Question

\- When solid ammonium carbamate sublimes, it dissociates completely into ammonia and carbon dioxide according to the following equation: $$ \left(\mathrm{NH}_{4}\right)\left(\mathrm{H}_{2} \mathrm{NCO}_{2}\right)(\mathrm{s}) \rightleftharpoons 2 \mathrm{NH}_{3}(\mathrm{g})+\mathrm{CO}_{2}(\mathrm{g}) $$ At \(25^{\circ} \mathrm{C},\) experiment shows that the total pressure of the gases in equilibrium with the solid is 0.116 atm. What is the equilibrium constant, \(K_{p} ?\)

Short answer

The equilibrium constant \( K_p \) is approximately \( 8.63 \times 10^{-6} \).

Step-by-step solution

Understand the Chemical Equation

The given equilibrium reaction is: \[ (\mathrm{NH}_{4})(\mathrm{H}_{2} \mathrm{NCO}_{2})(\mathrm{s}) \rightleftharpoons 2 \mathrm{NH}_{3}(\mathrm{g}) + \mathrm{CO}_{2}(\mathrm{g}) \]Solid ammonium carbamate dissociates into ammonia and carbon dioxide gases. The equilibrium constant \( K_p \) expresses the ratio of the partial pressures of products to the reactants. Since the reactant is a solid, it does not appear in the expression for \( K_p \).

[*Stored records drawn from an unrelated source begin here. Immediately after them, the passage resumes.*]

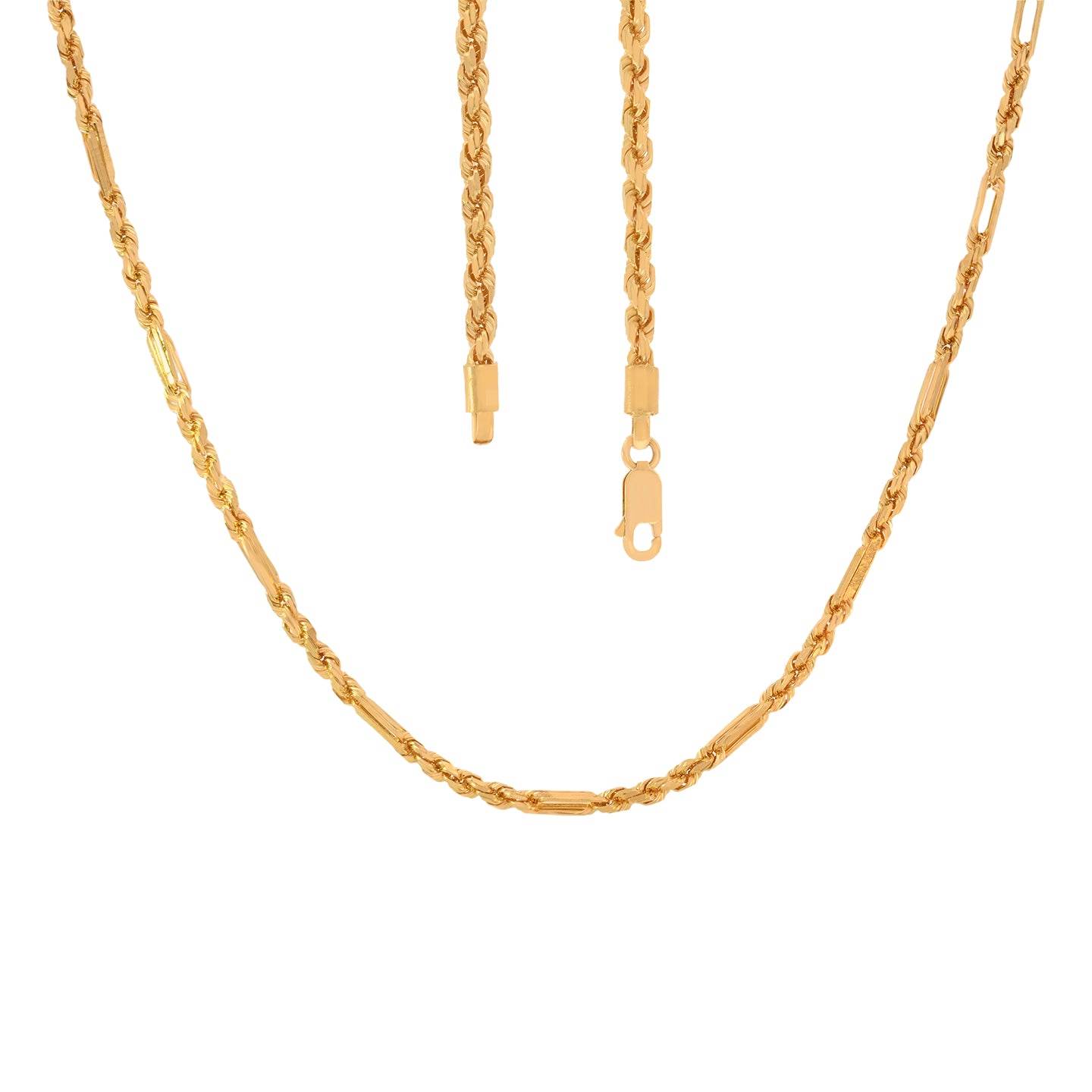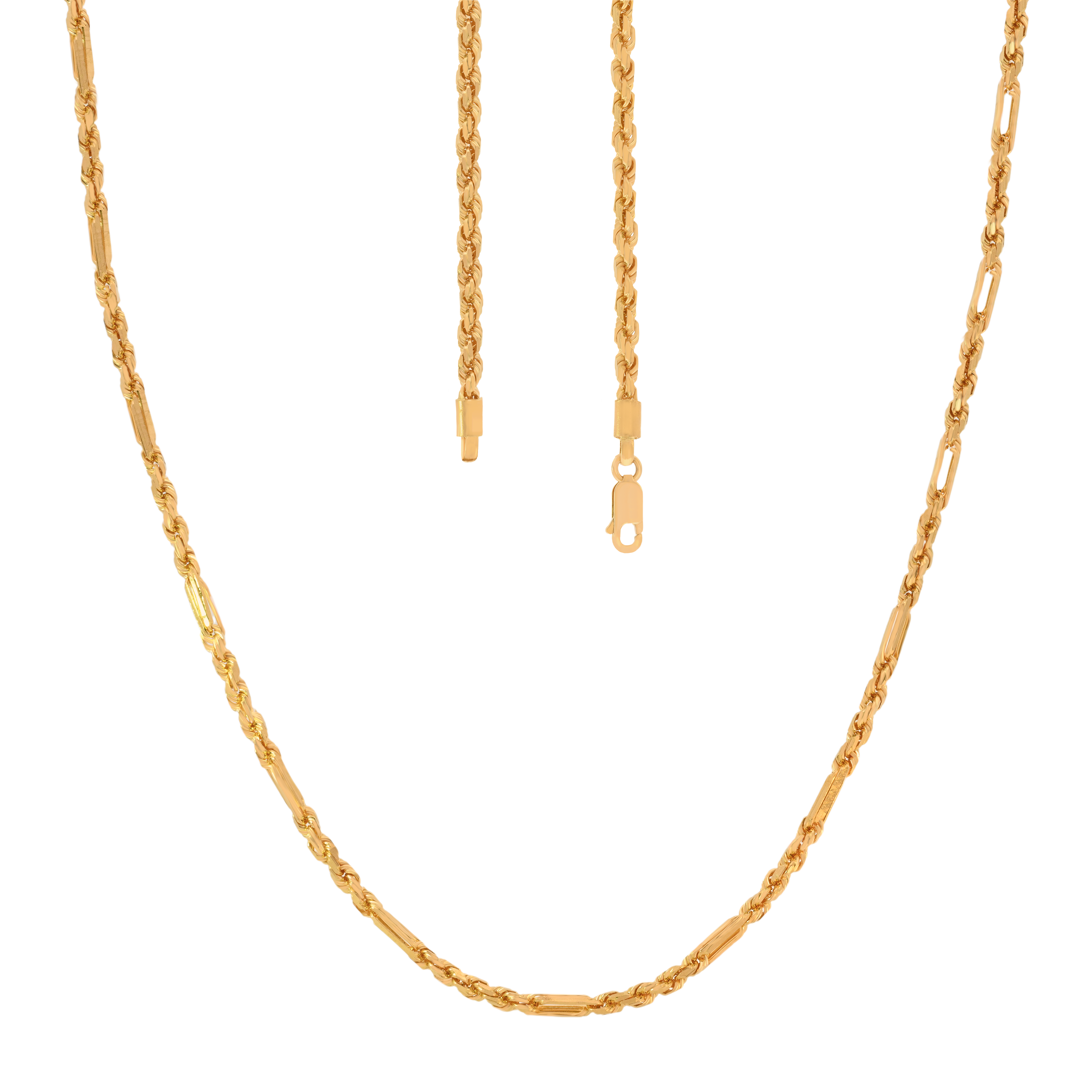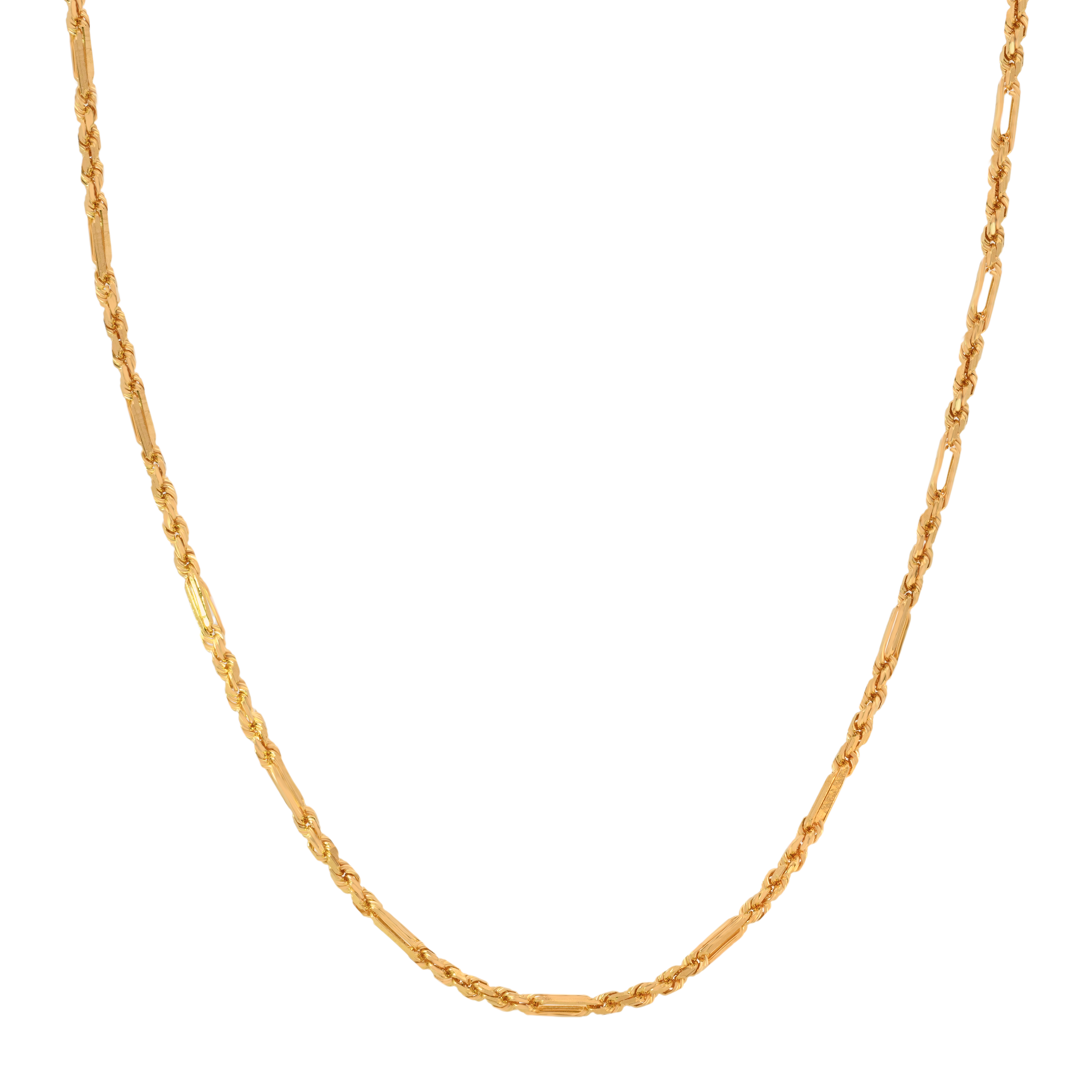 22k gold figaro chain in 26 inches. Solid gold chain with impressive figaro design. Chain measures 3.5mm in thickness and features secure lobster clasp closure.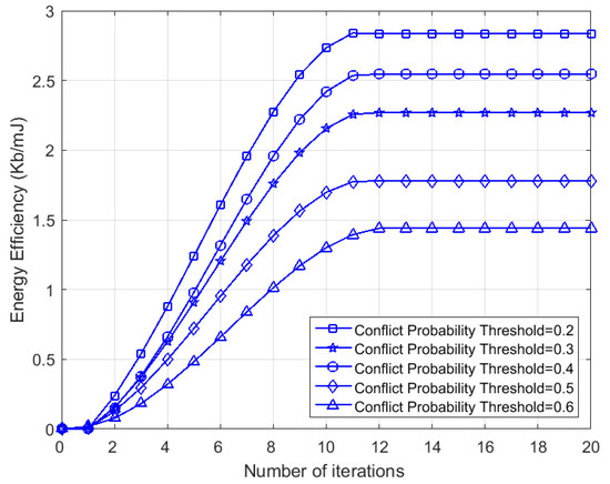 Figure 5 depicts the evolution of the energy efficiency with the number of iterations under the conflict probability threshold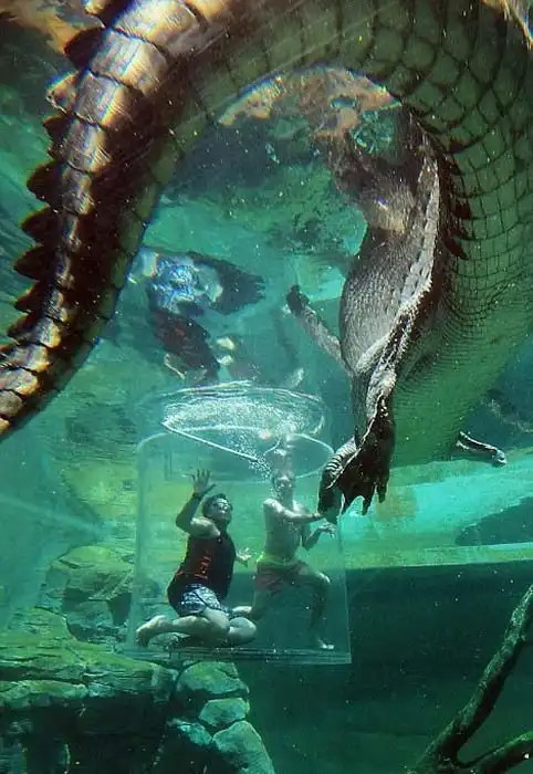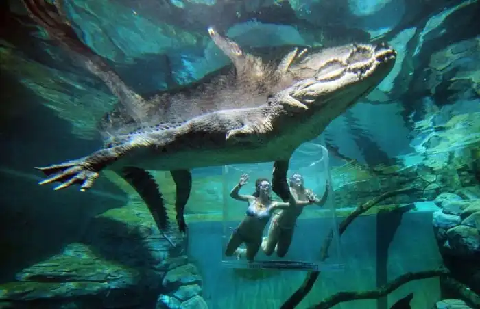 В австралийском городе Дарвин Сити есть аттракцион под названием Crocosaurus Cove, суть которого заключается в том, что вас в специальном защитном контейнере помещают в бассейн с огромным крокодилом. Длительность приключения – 20 минут.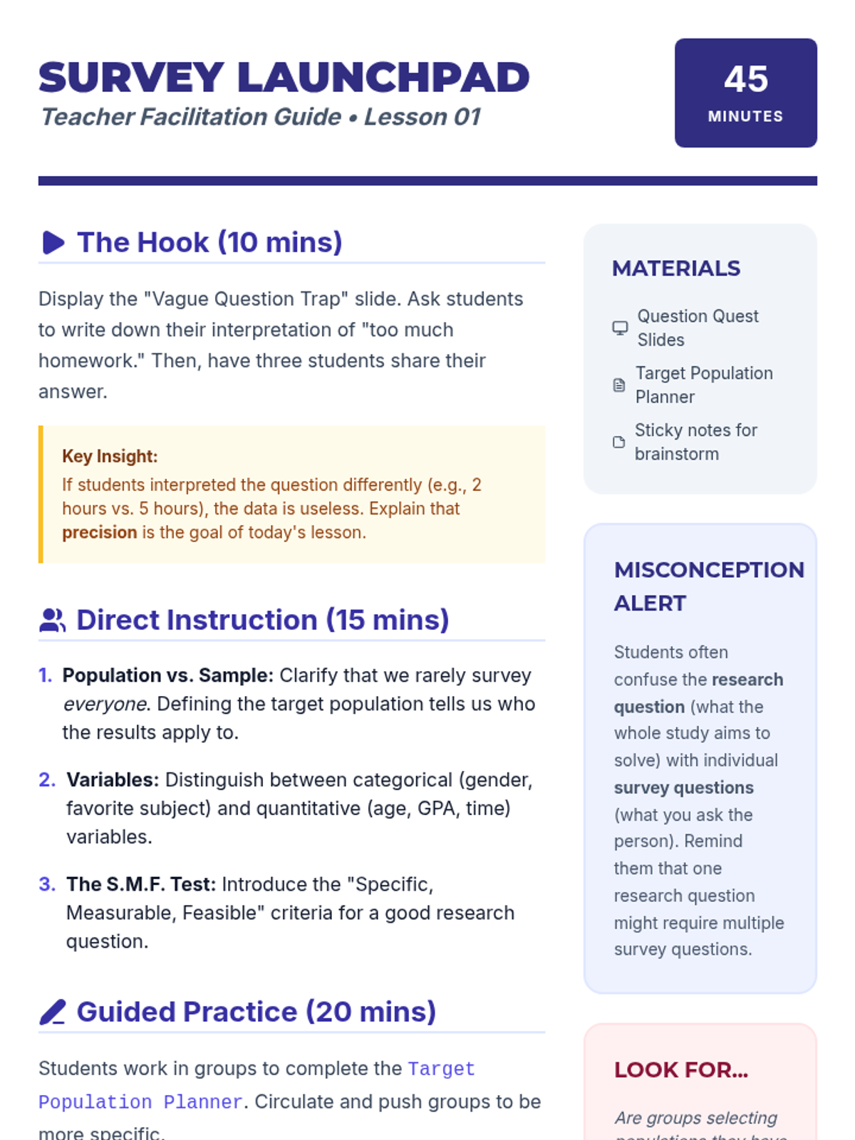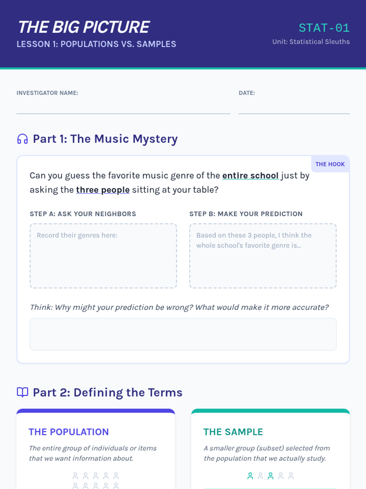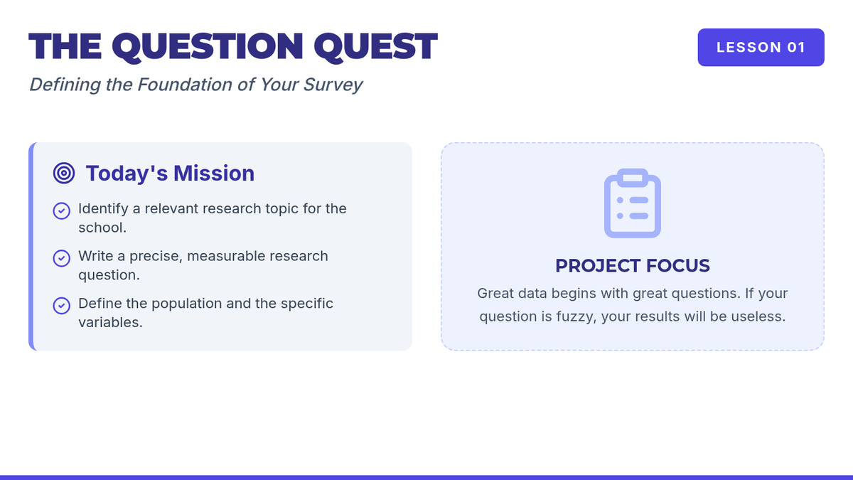 A project-based unit where students act as lead researchers, designing and executing a statistical study from question formulation to final validity reporting. Students learn to navigate population definitions, sampling methods, and question bias to ensure their data accurately reflects reality.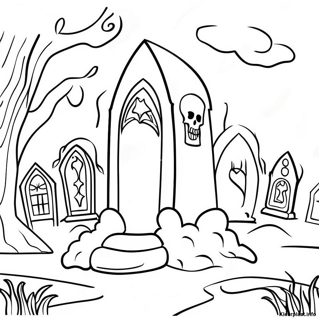 Spookachtige Gothische Begraafplaats Kleurplaat
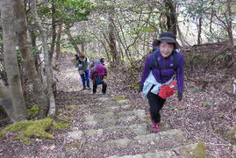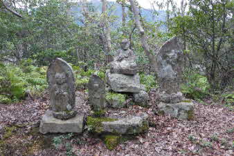 | 大師山ハイキングコースには、四国八十八ヶ所巡りとして親しまれ、たくさんの石仏が祀られている。そんな石仏の尾根道を進めていく。やがて木々の間から来日岳が見えてきた。来日岳の登山道にも多くの古い石仏、お地蔵さまだったと思うが祀られていた。 |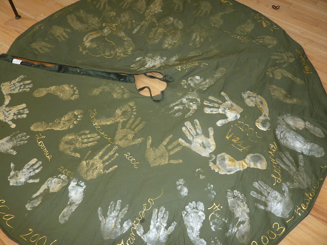Every year, before draping it over the base of the tree, the “younger set” at Splendid Market, both the 2 and 4 legged variety, is subjected to a hand and foot printing, for the annual record, on the backside of the green quilted velvet tree skirt.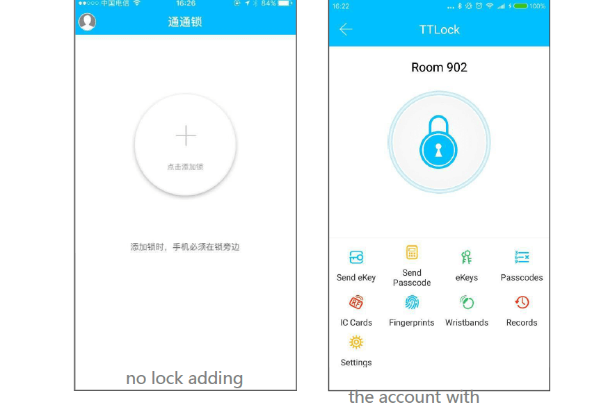 Успешный вход в систему: при первом использовании приложения блокировки на домашней странице будет отображаться кнопка для добавления блокировки, если в учетной записи нет данных блокировки или ключа. Информация о блокировке будет отображаться, если в учетной записи есть замок или ключ.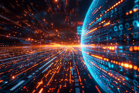Abstract technological background in vibrant colors with a digital code

Write the Expression for Kp

In this reaction, the equilibrium constant, \( K_p \), is related to the partial pressures of the gaseous products:\[ K_p = P_{\mathrm{NH}_3}^2 \cdot P_{\mathrm{CO}_2} \]Since solid concentrations are not included, we focus only on \( \mathrm{NH}_3 \) and \( \mathrm{CO}_2 \) pressures.

Calculate the Partial Pressures

At equilibrium, the total pressure of the gases is 0.116 atm. Let \( P_{\mathrm{CO}_2} = x \) and \( P_{\mathrm{NH}_3} = 2x \) since two moles of \( \mathrm{NH}_3 \) form for each mole of \( \mathrm{CO}_2 \). Thus, the total pressure is:\[ P_{\text{total}} = P_{\mathrm{NH}_3} + P_{\mathrm{CO}_2} = 2x + x = 3x \]Since \( P_{\text{total}} = 0.116 \text{ atm} \), solve for \( x \):\[ 3x = 0.116 \quad \Rightarrow \quad x = \frac{0.116}{3} = 0.0387 \text{ atm} \]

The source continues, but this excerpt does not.